(Saved data entries)
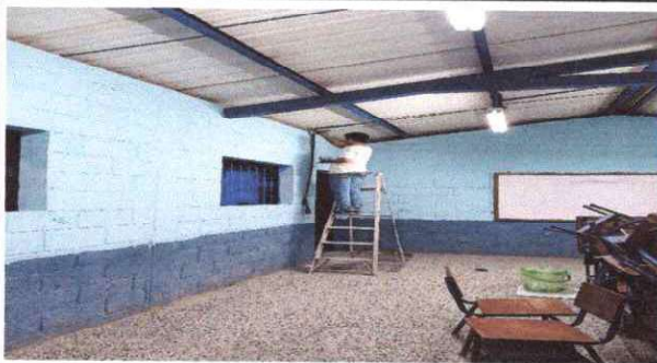
FOTO 9. PINTURA EXTERIOR E INTERIOR

Observación: Si es necesario se pueden agregar hojas adicionales y actualizar el número de hojas.
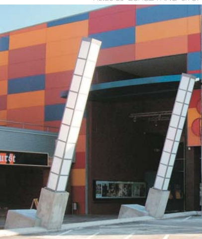
Columnas de luz para centro comercial El Vendrell, 2005.
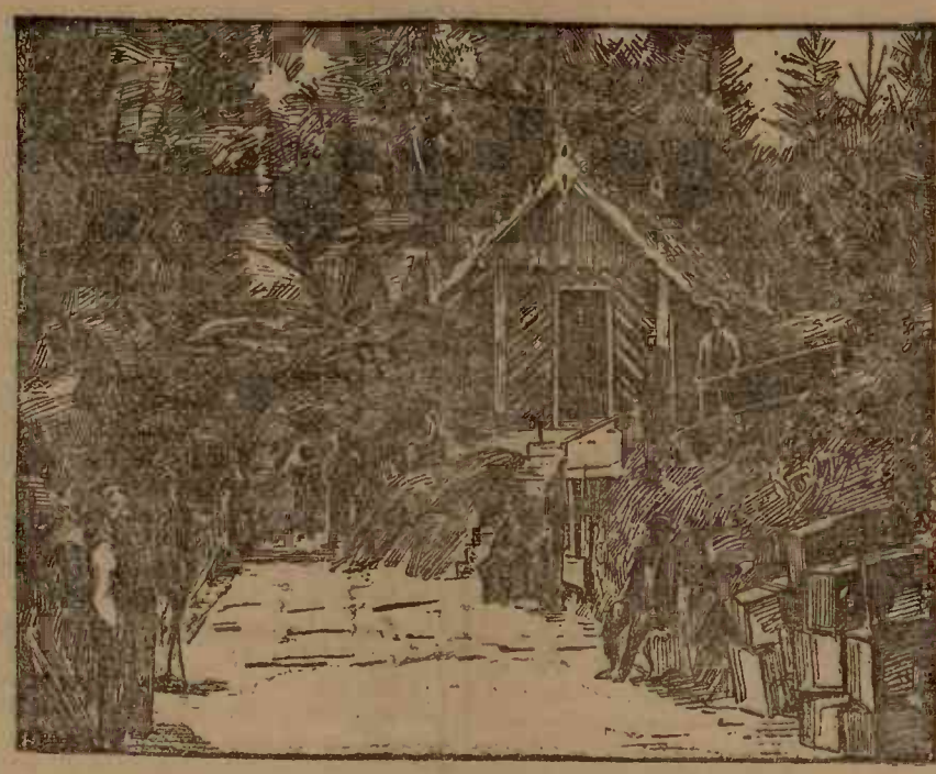
BĂILE SLĂNIC (Moldova)
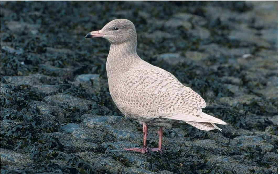
104 Grote Burgemeester / Glaucous Gull Larus hyperboreus , eerste-winter, Scheveningen, Zuid-Holland, 18 februari 2002 (Henk Harmsen)

• AIM OF THE EXERCISE: Please repeat the records above exactly, leaving every picture out.

• RESPONSE FOR THIS EXERCISE:
FOTO 9. PINTURA EXTERIOR E INTERIOR

Observación: Si es necesario se pueden agregar hojas adicionales y actualizar el número de hojas.
Columnas de luz para centro comercial El Vendrell, 2005.
BĂILE SLĂNIC (Moldova)
104 Grote Burgemeester / Glaucous Gull Larus hyperboreus , eerste-winter, Scheveningen, Zuid-Holland, 18 februari 2002 (Henk Harmsen)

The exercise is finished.